You're welcome! And you're right, there are no easy answers. Just try to find the right ones for you!

Anonymous said...

I think maybe we all suffer from that fear a little bit. Isn't that what being "good enough" is all about?
Lajos Egri (who writes books about writing) says, "Insecurity is the basic law of existence. All human emotions, good or evil, without exception, spring from this one eternal source." I would think the fear of abandonment falls under insecurity. Perhaps abandonment brings out this fear? Just thinking out loud.
Oh, and I have to say thank you, Bill. One of the characters in my current WIP suffers from fear of abandonment, so you've led me to some great resources and given me some true insight!

Dr.

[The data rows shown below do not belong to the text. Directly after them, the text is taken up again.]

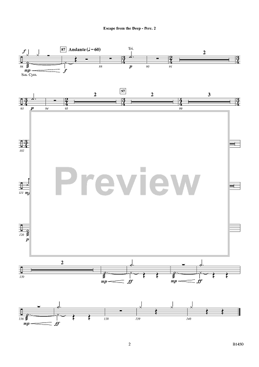 Digital Sheet Music for Escape from the Deep - Percussion 2 by Brian Balmages scored for Young Band; id:415456
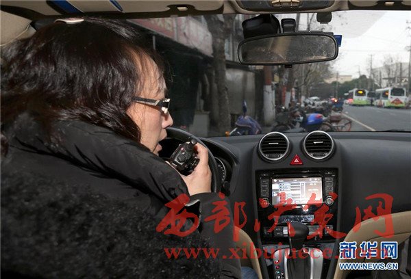 1月12日,上海市閔行公安分局刑偵支隊街面犯罪偵查隊反扒組組長姜峻在蹲守的車上用電臺呼叫隊員。
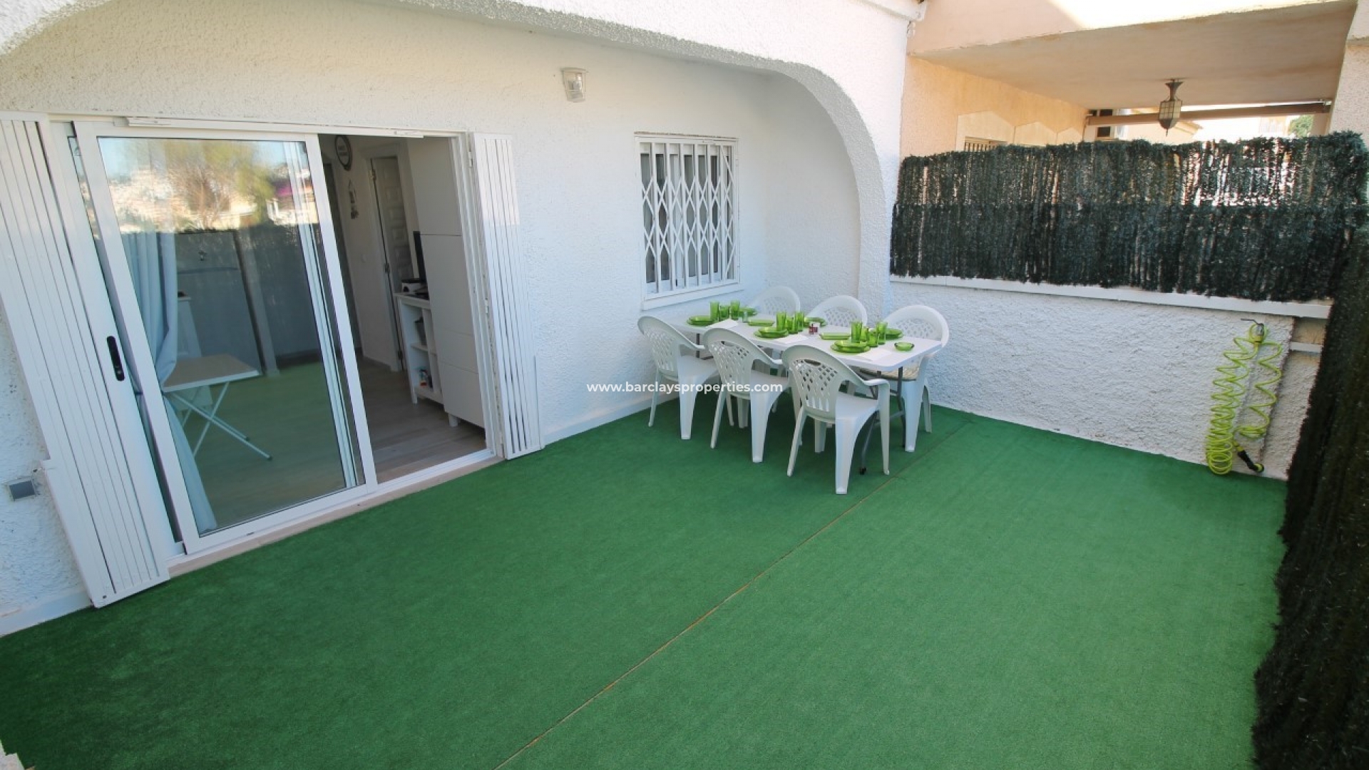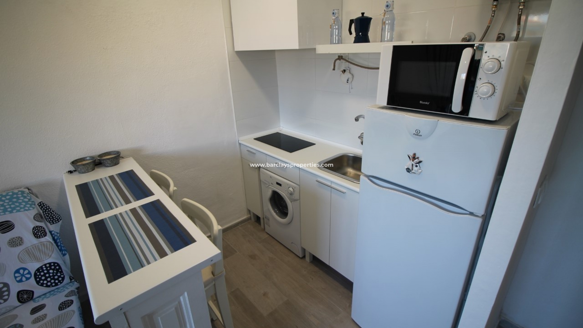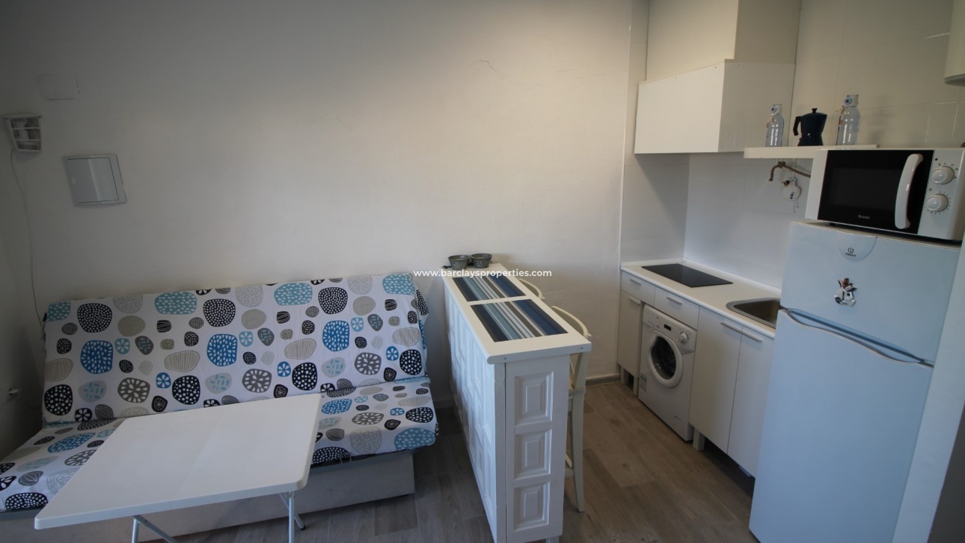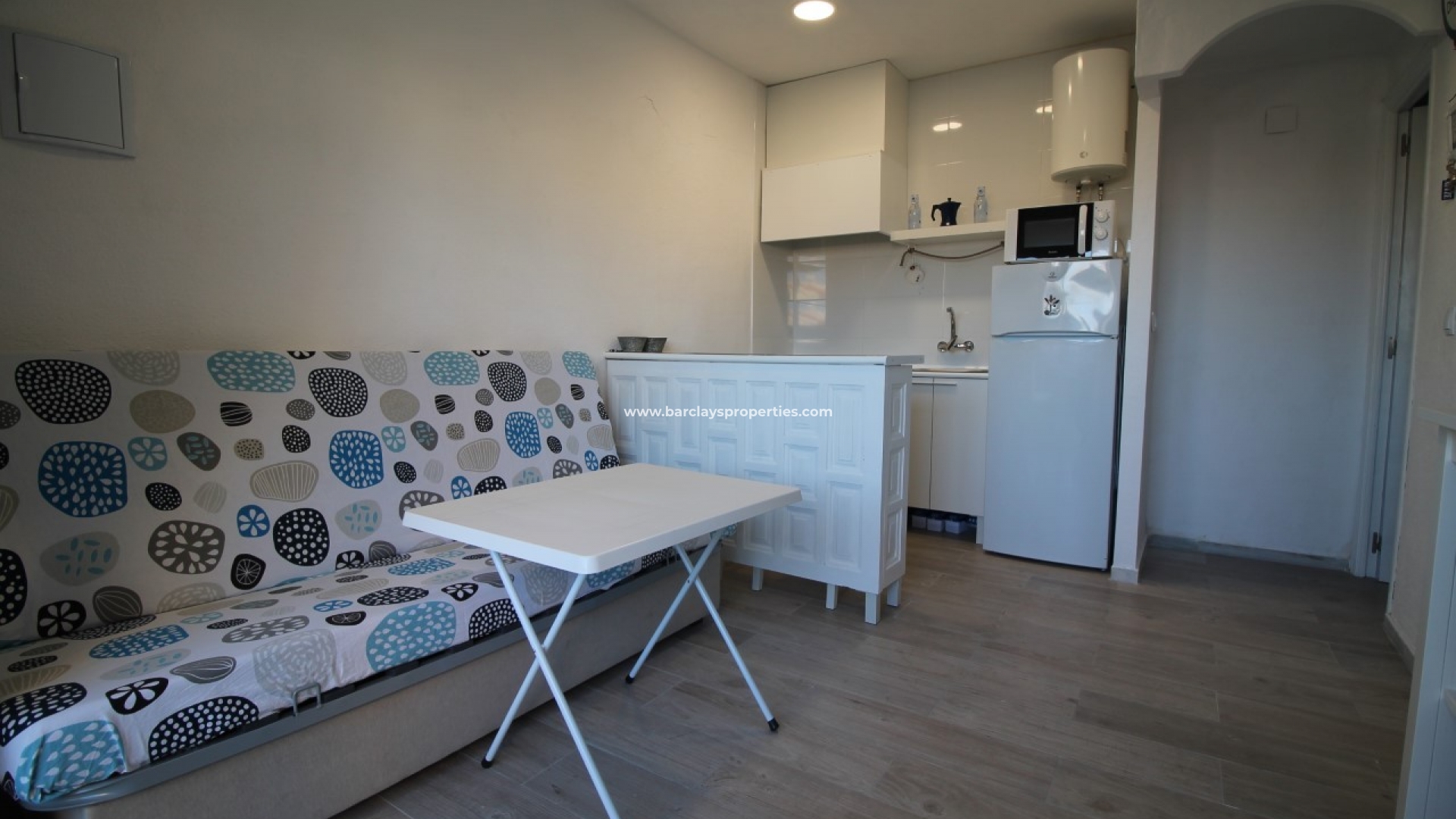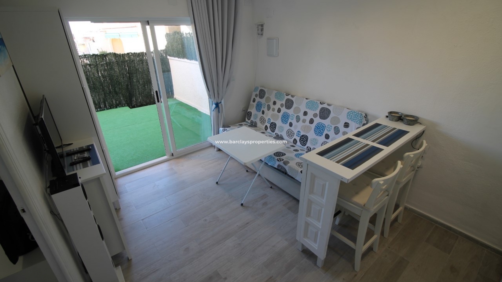 Dieses charmante Anwesen wurde komplett renoviert und befindet sich in einem makellosen Zustand. Die geräumige vordere Terrasse bietet eine Kunstrasenfläche und einen Essbereich im Freien, von wo aus Sie das mediterrane Wetter genießen können. Terrassentüren führen in das Innere des Anwesens, wo wir das Wohnzimmer mit offener Küche und Frühstücksbar, ein Schlafzimmer mit Doppelbett und ein neu renoviertes Badezimmer finden.
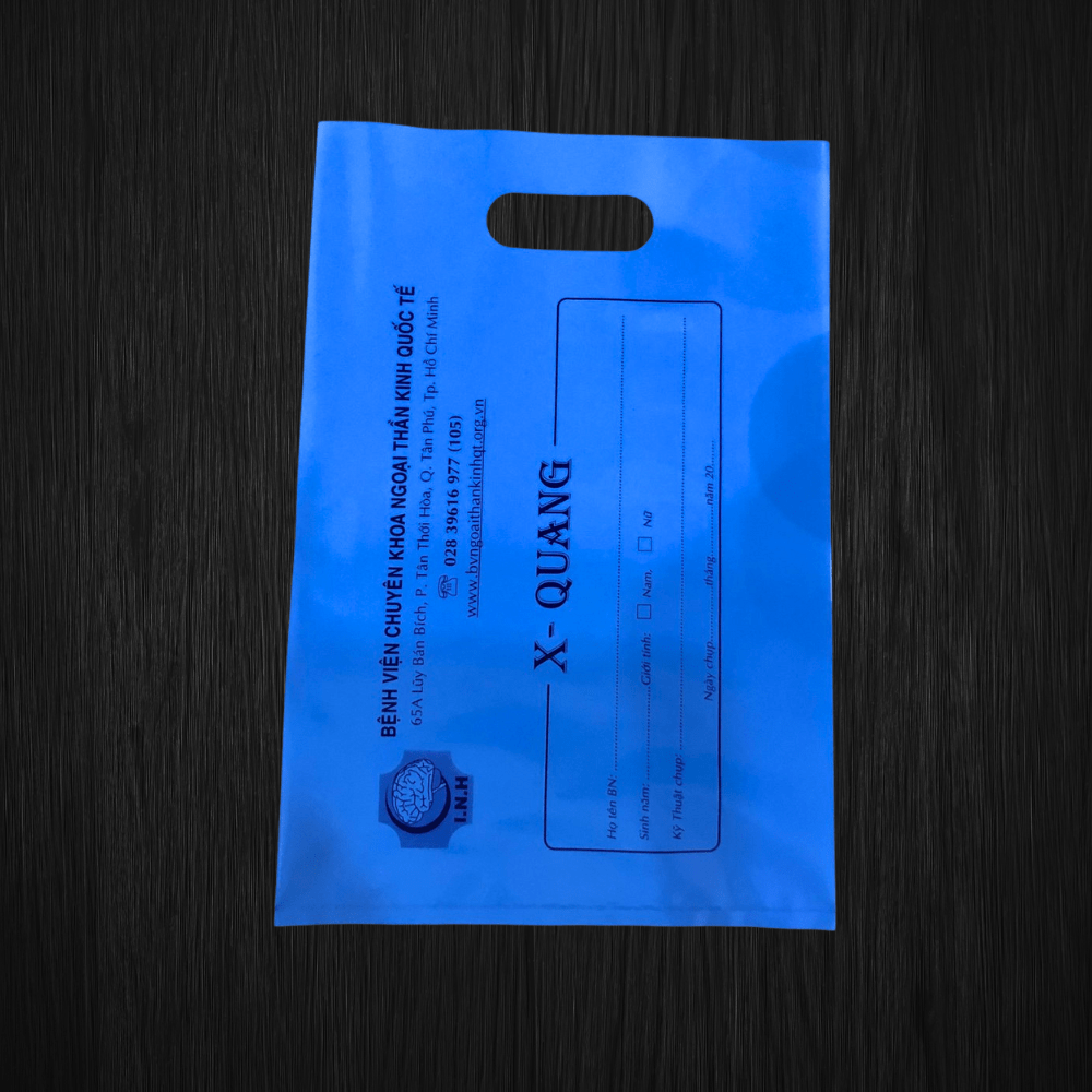 Túi đựng X-Quang của Bao bì Đức Phát có thể được in ấn logo, tên thương hiệu, hoặc các thông tin liên quan như địa chỉ, số điện thoại của bệnh viện hoặc phòng khám. Công nghệ in ấn hiện đại, bao gồm in lụa và in ống đồng, được sử dụng để đảm bảo hình ảnh và chữ viết trên túi sắc nét, bền màu, không bị phai trong thời gian dài. Việc in ấn thông tin không chỉ giúp quảng bá thương hiệu của cơ sở y tế mà còn mang lại sự chuyên nghiệp trong mắt bệnh nhân, tạo cảm giác tin cậy và chu đáo.
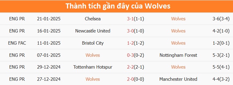 - Wolves thua 3 trận gần nhất ở Premier League.
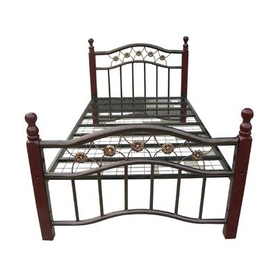 3093 Size: Queen Features: -Bed. -Bed finish: Hammerton bronze. -Leg finish: Deep cherry. -38mm Sturdy metal and wood construction. -Available in Twin, Full, or Queen sizes. -Floral design . -Assembly required. -Manufacturer provides one year warranty on parts replacement. Specifications: -Twin bed dimensions: 35.4'' H x 80.4'' W x 39'' D. -Full bed dimensions:52'' H x 54'' W x 75'' D. -Queen bed dimensions: 57'' H x 60'' W x 80'' D..../ Metal Bed with Deep Cherry Legs in Hammerton Bronze Size: Queen / Twin Size Futon
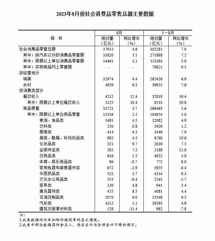 國(guó)家統(tǒng)計(jì)局:2023年8月份社會(huì)消費(fèi)品零售總額增長(zhǎng)4.6%
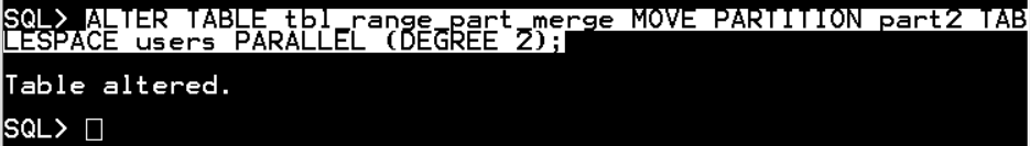 ALTER TABLE tbl_range_part_merge MOVE PARTITION part2 TABLESPACE users PARALLEL (DEGREE 2);
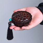 This wooden incense burner is carefully carved with the lotus pod as the prototype, with smooth and natural overall lines and full of simple charm. The detailed design of the furnace body and the furnace cover highly restores the shape of the lotus pod, and the holes in the furnace cover are just like the lotus seed holes of the lotus pod, which is convenient for the fragrance to drift. In traditional Chinese culture, the lotus pod has rich meanings. It represents many children and good fortune, and symbolizes the reproduction and continuation of life; at the same time, the lotus grows out of the mud without being stained, and the lotus pod is also given the beautiful meaning of purity and cleanliness. The incense burner is matched with turquoise and exquisite tassels, which adds a bit of elegance. Place it in the study or tea room, light the incense coil, and the curling green smoke escapes from the holes. In the faint fragrance, you can feel the depth of Chinese traditional culture and the quiet beauty of life. It is a good choice for people who understand life.
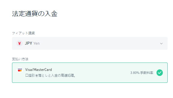 「フィアット通貨=JPY」に選択すれば、自動的にVisaかMasterCardでの支払画面に切り替わりますが、もし該当のブランドを持っていない場合は「暗号資産の入金」を選びましょう。
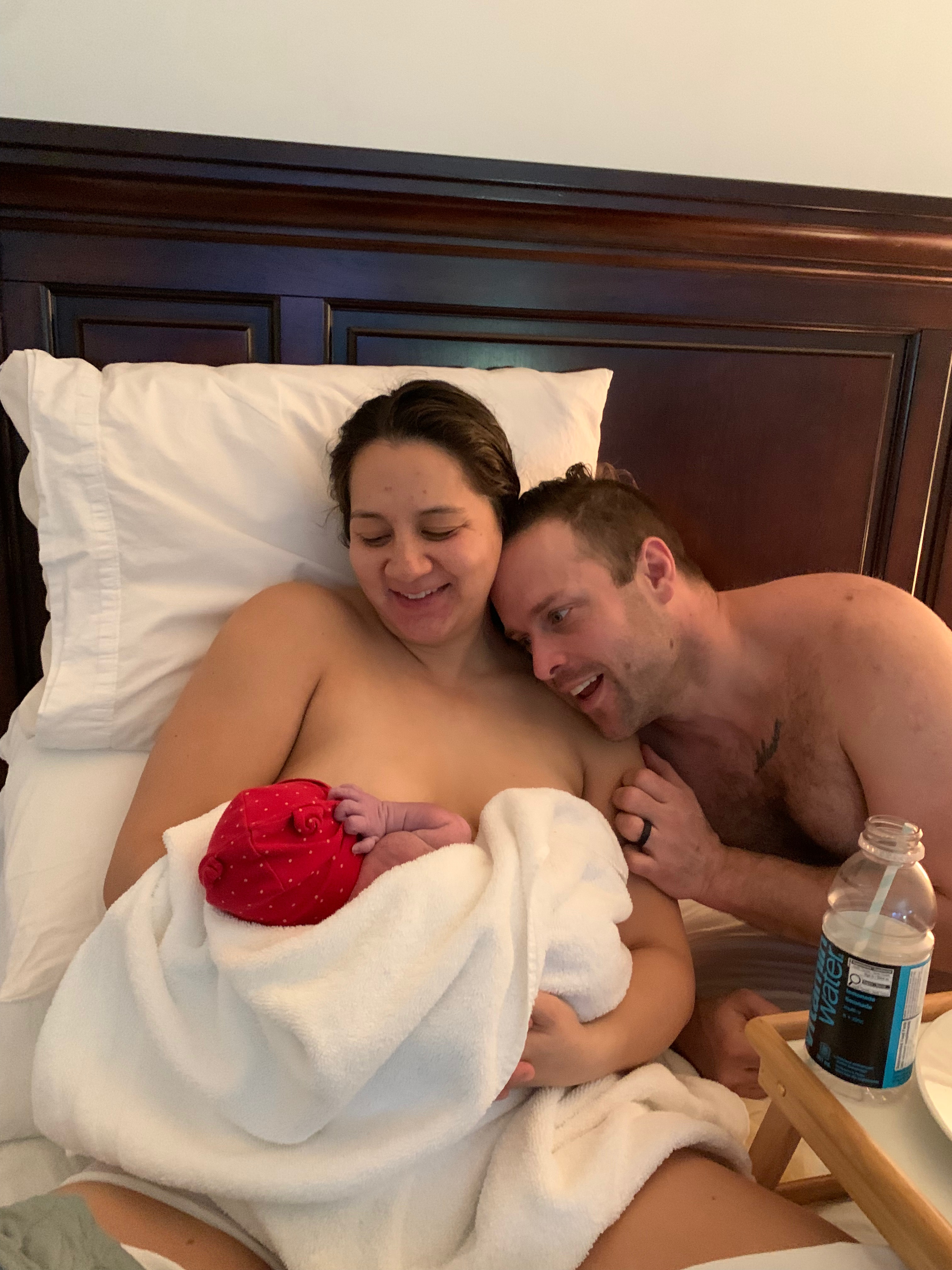 Ryan cut the umbilical cord while we were in the tub, and then I was helped out of the tub, dried off, and lay down to rest on the comfy bed in the main room. I delivered my placenta on the bed, and then our brand new baby boy was placed on my naked chest and we nestled together for the golden hour of skin-to-skin while Tessi and the nurse took down medical notes – I was pretty oblivious to what was going on as my focus and attention was fully on our new baby! Ryan lay in bed with us and we talked about what to name the newest member of our family. We decided fairly quickly on Robin – a name that we both love, but also, Ryan’s favourite bird, also the bird that we got matching tattoos of after we got married, and our baby was born on the most gorgeous, sunny spring day just hours before the official first day of spring!

Bill Emener said...

Hi Nienke,
Thanks for your as-usual insightful Comment. Insecurity indeed can be a major contributor to workaholism, yet there are many other phenomenon associated with it.
Thanks for the Lajos Egri quote… neat stuff! Fear of abandonment, according to such people as john Bowlby, is a rather complicated psychological consideration… you would appreciate some of his work (e.g., about one of his well-known topics: “Attachment Theory”).
Good luck with your WIP (and be careful… sometimes a WIP can become a “project”).